‘I go without hot food and shampoo to keep my cats fed every day is a struggle’

‘I go without hot food and shampoo to keep my cats fed every day is a struggle’

A man is sharing his daily struggles amid the cost of living crisis as he battles to feed himself and his pets. Colin Ortutai-Hughes, 45, from Brent, North West London, found himself homeless in April after he was kicked out of his flat by his landlord.

With nowhere else to go, he slept in his car for two-and-a-half months alongside his cats, Molly and Max, and their three newborn kittens. The divorced dad-of-four has since found a flat of his own but is struggling even more as the price of bills, rent and food rises. Colin told the Mirror: “All of a sudden everything shot up. Cat food went from £3.60 to £4.10 – we’re not talking pennies. I shop with a budget and have to recalculate what I should put back on the shelf.”

When Colin first became homeless, he turned to a food bank with the hopes of being fed a warm meal or getting vouchers for food shopping.

“They wanted to give me dried pasta and tinned food, and as much as I appreciated that, it’s no good for someone that’s homeless,” he explained.

Colin has since got a flat of his own and hasn’t revisited the food bank, but is finding it even more difficult to get through each day with the pressure of rising rent and bills.

“I don’t buy certain things I need otherwise the cats won’t get fed,” he said. “I always put them before myself because it’s not their fault.”

Colin is self-employed and suffers from osteoarthritis, meaning he struggles to work but helps out family and friends in exchange for kind donations.

Often, he’ll receive bags of cat food and says “every little helps” in feeding his beloved pets.

The 45-year-old makes sacrifices each day to ensure he can continue to have a roof over his head.

When he goes food shopping, he budgets and takes a list of necessary items – but still finds himself putting essential products back on the shelf.

Colin explained: “If I budget for the week Monday to Friday, I can allow myself two hot meals.
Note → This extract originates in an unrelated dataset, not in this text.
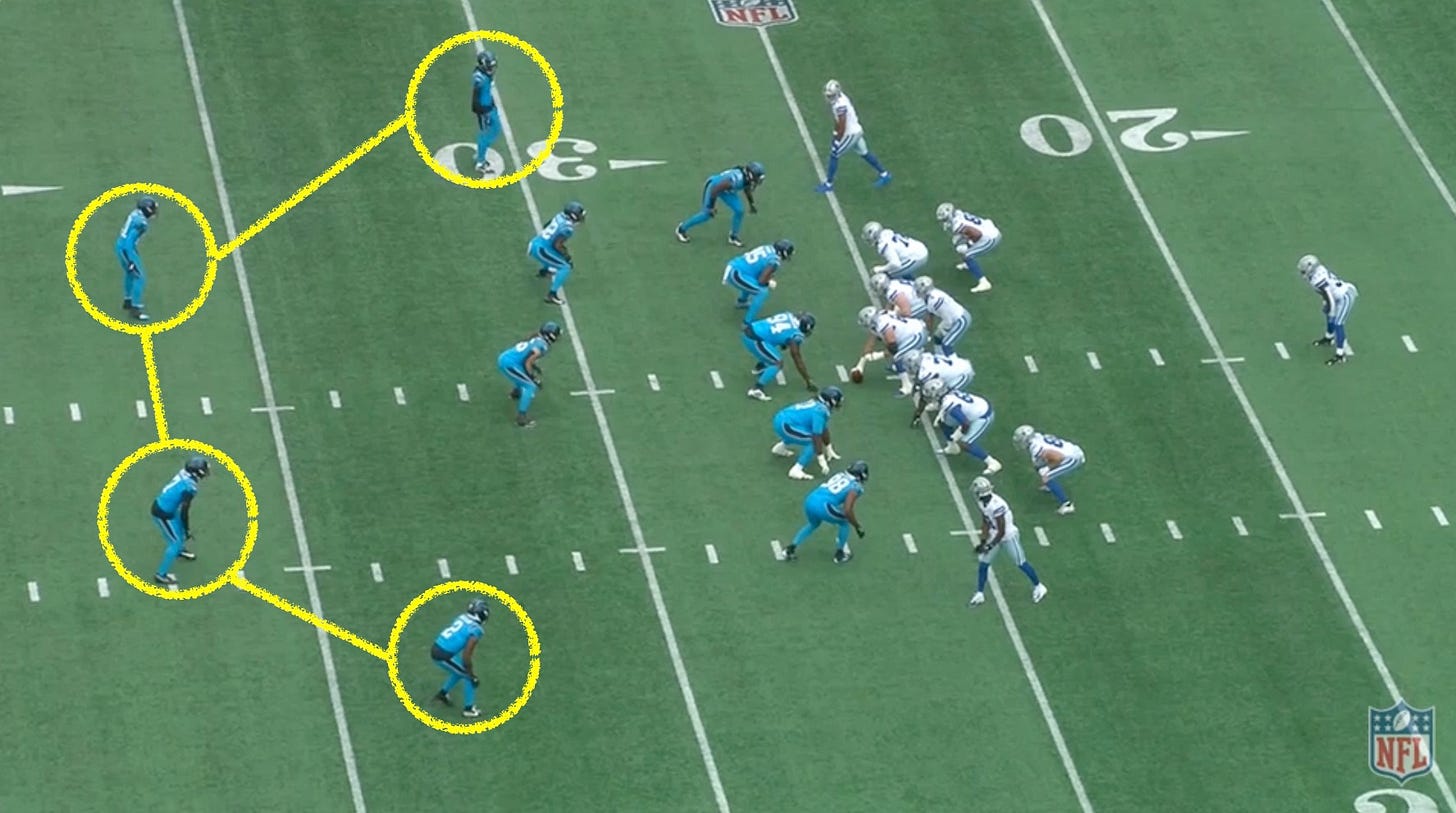 The Panthers want their DBs with their “cleats in the ground” before the snap. Every pre-snap picture should be “frozen.” When OCs look at the film, the goal is to have as few “tells” as possible for them to identify coverage. In a league that is constantly scouring the analytics for an edge, being “static” is a great way to erase cues that quarterbacks can easily identify.

If I need shampoo, I’ll use that last bit in the bottle until next week.”

Despite the hardship of affording two young cats, Colin couldn’t live without them.

“I can’t even think what I’d do without my cats. I need them there, it’s lonely enough as it is,” he explained. “I wouldn’t be able to cope alone.”

Sharing his advice for other people struggling to feed themselves and their pets, Colin said: “Week by week, check the prices and shop around if you can.

“You’d be surprised where you can find food cheaper – places like B&M sell cat food.

“With cat litter, I used to buy the cheap one but it’s actually more cost effective to buy the expensive one because it lasts longer.

“Tinned food is cheaper than pouches because four pouches can make up one tin.”

Colin also recommends reaching out to animal charities if you are in desperate need of help.

When he found himself homeless, his whole world came crashing down again after two-year-old Molly went missing.

“I was already having to deal with the shock of being told to move out of my home by what I now understand was an alleged rogue letting agency, so losing Molly was the final straw,” he said.

The domestic black cat was gone for five days before being found in a poor state, and Colin immediately drove her to the nearby Mayhew Animal Hospital to be checked.

After examination, animal welfare officers returned Molly to him with an emergency care package, including blankets and wet and dry food – which Colin found to be a lifesaver.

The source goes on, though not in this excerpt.